Unfall mit schrecklicher Folge

Die junge Frau aus Kapstadt wird zudem auch an den Paralympics teilnehmen. "Mein Traum war es immer, zu Olympia zu fahren", sagte du Toit. 2001 war sie auf dem Weg vom Training zur Schule auf ihrem Roller unterwegs, als sie von einem Auto erfasst wurde. Einige Tage später musste ihr linkes Bein oberhalb des Knies amputiert werden. "Ich fragte meine Mutter, wann sie es abnehmen werden, und sie sagte: Sie haben es bereits abgenommen", erinnert sich du Toit an jene Tage im Krankenhaus.

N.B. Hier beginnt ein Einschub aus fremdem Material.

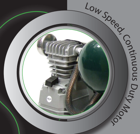
Low Speed, Continuous Duty Motor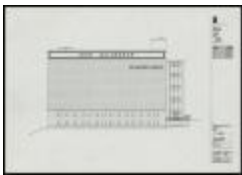
Project 23 : John Baldessari (P23)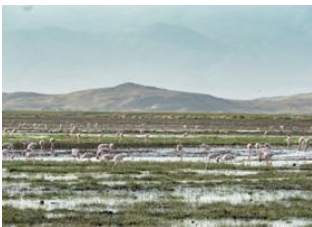
Village Naiyobi 📍 - ⌚ 3h Lake Natron 📍 🚗 - ⌚ 1h Engare Sero 📍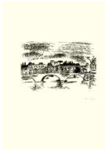
Orfeo Tamburi [Cat. 14]

Acquafornte per Eau sur terre | Cinq poèmes d'Alain Jouffroy sur cinq gravures de Manina . Verona, Renzo Sommaruga, 1974-1975, 65 esemplari.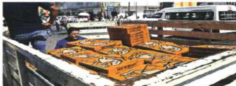
DE LA TORTA A LA PIZZA. Los organizadores del mitin de Adán Augusto en Tuxtla Gutiérrez, Chiapas, llevaron pizzas, jugos, refrescos, playeras, gorras y banderitas.

consultar a los firmantes. "Al más puro estilo de la vieja política, se publicó un desplegado con sus firmas sin haberlos enterado del contenido del mismo. "A ellos, y a quienes están siendo objeto de chantajes y amenazas para esta y futuras acciones, les pido que no se mortifiquen: cuentan con MC".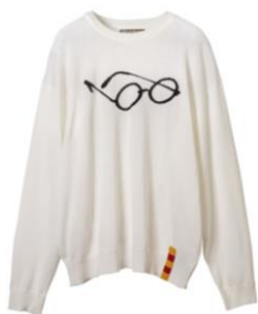
ハリー・ポッター ニット 価格:15,120 円(税込)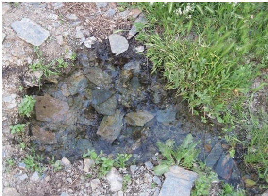
شکل ۸. چشمه فصلی (روستای مهوید)، محل تخم‌ریزی B. oblongus

در مطالعه ریختی نمونه‌های بالغ، بیشترین طول به دست آمده برای این گونه، ۸/۲۷ سانتیمتر برای جنس ماده (از ایستگاه قنات بَلَدَه باغستان علیا، شهرستان فردوس) و کمترین طول به دست آمده به میزان ۵/۵۹ سانتیمتر مربوط به جنس نر (از ایستگاه قنات قَصَبَه، شهرستان گناباد) بود. دیگر نتایج به دست آمده از مطالعه ریختی این گونه، در جدول ۶ نشان داده شده است. نسبت طول ساق پا به اندازه بدن (T/L)، بین ۰/۳۱ تا ۰/۳۸ متغیر بود؛ این نسبت در جنس ماده و نر، تفاوت اندکی نشان می‌داد (۰/۳۴). برای هفت وزغ ماده و ۰/۳۵ برای هفت وزغ نر. به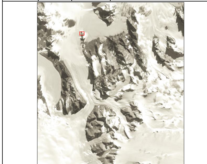
拡大 Zoom in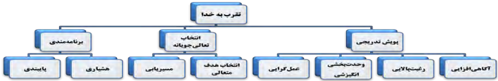
شکل ۱. دیاگرام اجمالی مؤلفه‌های تقرب به خدا

در تدوین مدل مفهومی تقرب به خدا، ابتدا به تبیین مؤلفه‌ها و زیرمؤلفه‌ها و روابط بین آنها پرداخته و در نهایت، الگوی تقرب به خدا بر اساس اندیشه علامه طباطبائی ارائه خواهد شد.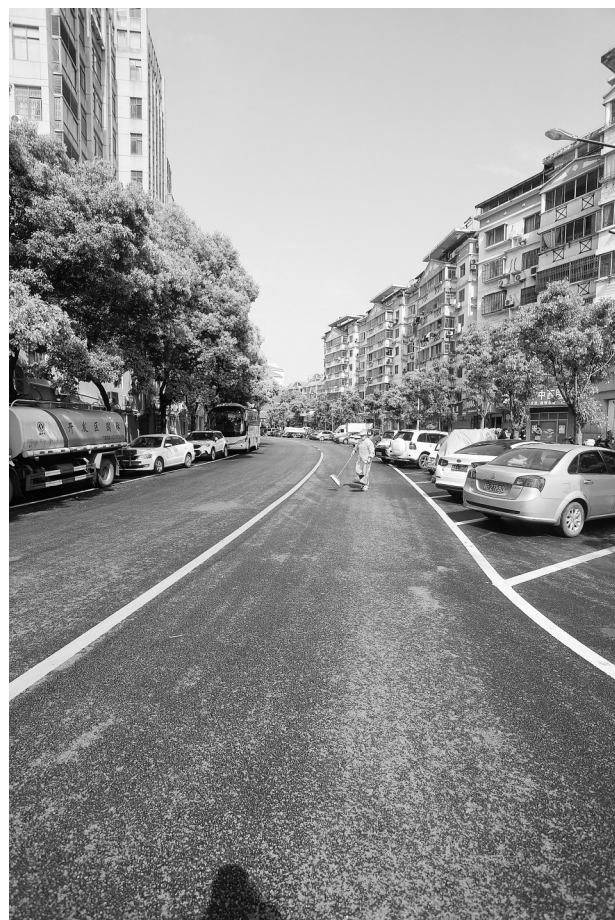
改造后的经开区内环路干净整洁、宽敞大气。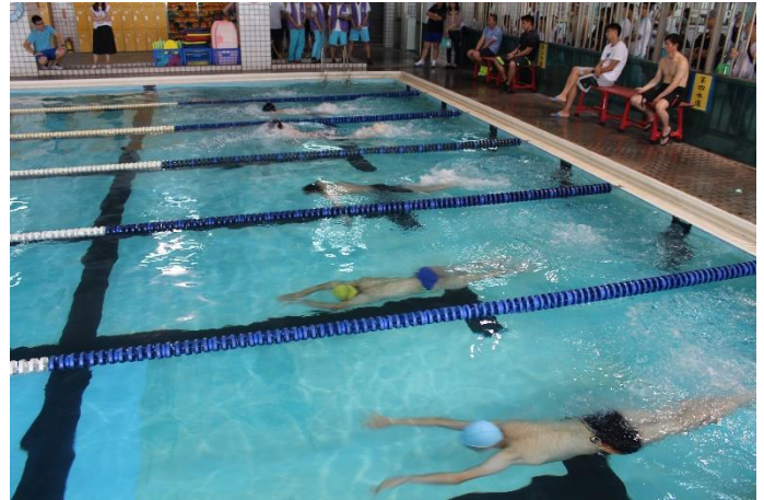
高中男生組-個人項目比賽情形

Kein Vergleich mit Oscar Pistorius

Bereits wenige Monate nach ihrer Entlassung aus der Klinik nahm Natalie du Toit, die im Jahr 2000 die Qualifikation für die Spiele in Sydney nur knapp verpasst hatte, das Training wieder auf. "Am Anfang fühlte es sich noch so an, als ob mein Bein da wäre". Im Wasser, sagte sie, fühle sie sich frei. "Da kann ich ganz ich selbst sein." Vergleiche mit ihrem Landsmann, dem Sprinter Oscar Pistorius, begegnet du Toit ausweichend. Der 21-Jährige war ohne Wadenbeine auf die Welt gekommen und benötigt zum Sprinten zwei Spezialprothesen. Während sie beim Schwimmen keine Prothese brauche, "ist Oscar nicht fähig, ohne zu laufen", sagte du Toit.

Umstieg auf die Marathondistanz

Wegen ihrer Behinderung war die Schwimmerin nach einiger Zeit von den 800 Meter Freistil auf die Marathondistanz im Freiwasser gewechselt. Der Grund: Die ständigen Wenden im Bassin entfallen, sie kann mehr Kraft aus ihrem Oberkörper gewinnen. Während es auf den kürzeren Distanzen vor allem auf den Start und den Sprint ankomme, könne sie bei der Langstrecke ihre Kraft kontinuierlicher entfalten. "Wenn ich das eine Bein zu stark belaste, wird es schnell müde."

"Ich will eines Tages wieder rennen können"

Doch Natalie du Toit hat noch einen anderen Traum, den sie sich unbedingt erfüllen möchte: "Ich will eines Tages wieder rennen können."